[What you have to do]:
Once the line containing "En efecto, la" is found in the records below, return it and each following line exactly, up to and including the line containing "夏帯 名古屋帯 本場筑前博多織", and nothing else.

(Recorded data)

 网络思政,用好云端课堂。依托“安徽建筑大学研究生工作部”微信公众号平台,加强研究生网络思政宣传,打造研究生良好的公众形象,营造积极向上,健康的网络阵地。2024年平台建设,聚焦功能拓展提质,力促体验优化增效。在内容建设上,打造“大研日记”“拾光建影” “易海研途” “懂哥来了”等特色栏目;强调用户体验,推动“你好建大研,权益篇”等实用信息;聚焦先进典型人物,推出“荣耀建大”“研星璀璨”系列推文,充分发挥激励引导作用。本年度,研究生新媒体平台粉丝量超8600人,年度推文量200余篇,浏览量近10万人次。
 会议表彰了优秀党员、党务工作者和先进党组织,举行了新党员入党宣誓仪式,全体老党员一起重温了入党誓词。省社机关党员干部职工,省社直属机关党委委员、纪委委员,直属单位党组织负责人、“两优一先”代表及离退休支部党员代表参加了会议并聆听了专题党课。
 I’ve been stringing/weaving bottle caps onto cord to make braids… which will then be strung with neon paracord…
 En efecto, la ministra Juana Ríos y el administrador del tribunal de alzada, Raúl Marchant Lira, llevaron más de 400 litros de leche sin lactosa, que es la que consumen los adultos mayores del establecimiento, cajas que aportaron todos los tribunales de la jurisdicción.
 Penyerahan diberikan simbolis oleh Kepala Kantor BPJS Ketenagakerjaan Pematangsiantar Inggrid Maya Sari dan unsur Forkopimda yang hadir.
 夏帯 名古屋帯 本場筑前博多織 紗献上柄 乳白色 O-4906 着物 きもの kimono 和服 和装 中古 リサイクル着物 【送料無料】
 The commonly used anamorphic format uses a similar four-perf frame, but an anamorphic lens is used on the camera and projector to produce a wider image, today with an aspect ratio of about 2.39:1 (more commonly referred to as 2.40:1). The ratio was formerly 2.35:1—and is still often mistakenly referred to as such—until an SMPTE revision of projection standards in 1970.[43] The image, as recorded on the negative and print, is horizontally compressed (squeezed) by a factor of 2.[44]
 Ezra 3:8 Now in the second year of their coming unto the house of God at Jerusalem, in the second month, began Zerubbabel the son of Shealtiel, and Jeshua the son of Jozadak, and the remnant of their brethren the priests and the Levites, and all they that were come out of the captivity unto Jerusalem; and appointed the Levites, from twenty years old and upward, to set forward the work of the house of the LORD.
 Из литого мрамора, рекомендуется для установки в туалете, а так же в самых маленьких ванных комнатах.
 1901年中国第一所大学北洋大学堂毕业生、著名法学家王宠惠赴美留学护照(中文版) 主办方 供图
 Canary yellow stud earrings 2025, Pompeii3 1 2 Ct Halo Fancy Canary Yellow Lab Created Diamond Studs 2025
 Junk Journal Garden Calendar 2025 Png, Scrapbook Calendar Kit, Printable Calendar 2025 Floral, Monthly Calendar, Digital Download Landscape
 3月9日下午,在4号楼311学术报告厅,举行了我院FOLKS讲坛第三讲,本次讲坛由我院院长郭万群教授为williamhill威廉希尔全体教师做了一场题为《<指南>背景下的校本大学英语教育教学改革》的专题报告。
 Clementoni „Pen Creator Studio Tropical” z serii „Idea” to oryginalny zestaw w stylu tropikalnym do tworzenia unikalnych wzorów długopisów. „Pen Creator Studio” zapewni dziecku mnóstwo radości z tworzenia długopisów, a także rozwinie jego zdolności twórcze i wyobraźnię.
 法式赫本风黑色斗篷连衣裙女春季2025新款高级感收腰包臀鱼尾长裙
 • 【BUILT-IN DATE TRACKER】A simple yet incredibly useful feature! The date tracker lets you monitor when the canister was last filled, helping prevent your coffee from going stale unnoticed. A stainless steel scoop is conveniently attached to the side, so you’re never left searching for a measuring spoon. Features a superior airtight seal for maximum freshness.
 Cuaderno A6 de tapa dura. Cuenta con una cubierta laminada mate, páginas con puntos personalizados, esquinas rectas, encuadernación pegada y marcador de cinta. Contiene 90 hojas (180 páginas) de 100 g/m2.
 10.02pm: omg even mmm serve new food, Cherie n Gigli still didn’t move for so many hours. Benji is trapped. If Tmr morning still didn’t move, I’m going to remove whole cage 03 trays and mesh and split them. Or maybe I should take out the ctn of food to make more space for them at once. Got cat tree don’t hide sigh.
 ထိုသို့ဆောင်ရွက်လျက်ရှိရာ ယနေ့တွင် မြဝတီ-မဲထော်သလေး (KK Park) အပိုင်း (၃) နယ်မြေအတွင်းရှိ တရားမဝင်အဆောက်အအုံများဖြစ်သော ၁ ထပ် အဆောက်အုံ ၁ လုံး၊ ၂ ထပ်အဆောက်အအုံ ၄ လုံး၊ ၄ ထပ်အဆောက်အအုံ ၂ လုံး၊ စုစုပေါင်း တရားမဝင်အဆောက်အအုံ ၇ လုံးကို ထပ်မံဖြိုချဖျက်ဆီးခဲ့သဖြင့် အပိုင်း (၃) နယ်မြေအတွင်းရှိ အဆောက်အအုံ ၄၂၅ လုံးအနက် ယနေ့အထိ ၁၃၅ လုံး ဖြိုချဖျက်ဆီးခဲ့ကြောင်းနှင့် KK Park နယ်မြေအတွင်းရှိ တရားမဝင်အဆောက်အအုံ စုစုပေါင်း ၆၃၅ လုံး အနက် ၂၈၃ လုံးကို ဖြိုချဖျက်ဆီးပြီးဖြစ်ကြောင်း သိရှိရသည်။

[Solution]:
 En efecto, la ministra Juana Ríos y el administrador del tribunal de alzada, Raúl Marchant Lira, llevaron más de 400 litros de leche sin lactosa, que es la que consumen los adultos mayores del establecimiento, cajas que aportaron todos los tribunales de la jurisdicción.
 Penyerahan diberikan simbolis oleh Kepala Kantor BPJS Ketenagakerjaan Pematangsiantar Inggrid Maya Sari dan unsur Forkopimda yang hadir.
 夏帯 名古屋帯 本場筑前博多織 紗献上柄 乳白色 O-4906 着物 きもの kimono 和服 和装 中古 リサイクル着物 【送料無料】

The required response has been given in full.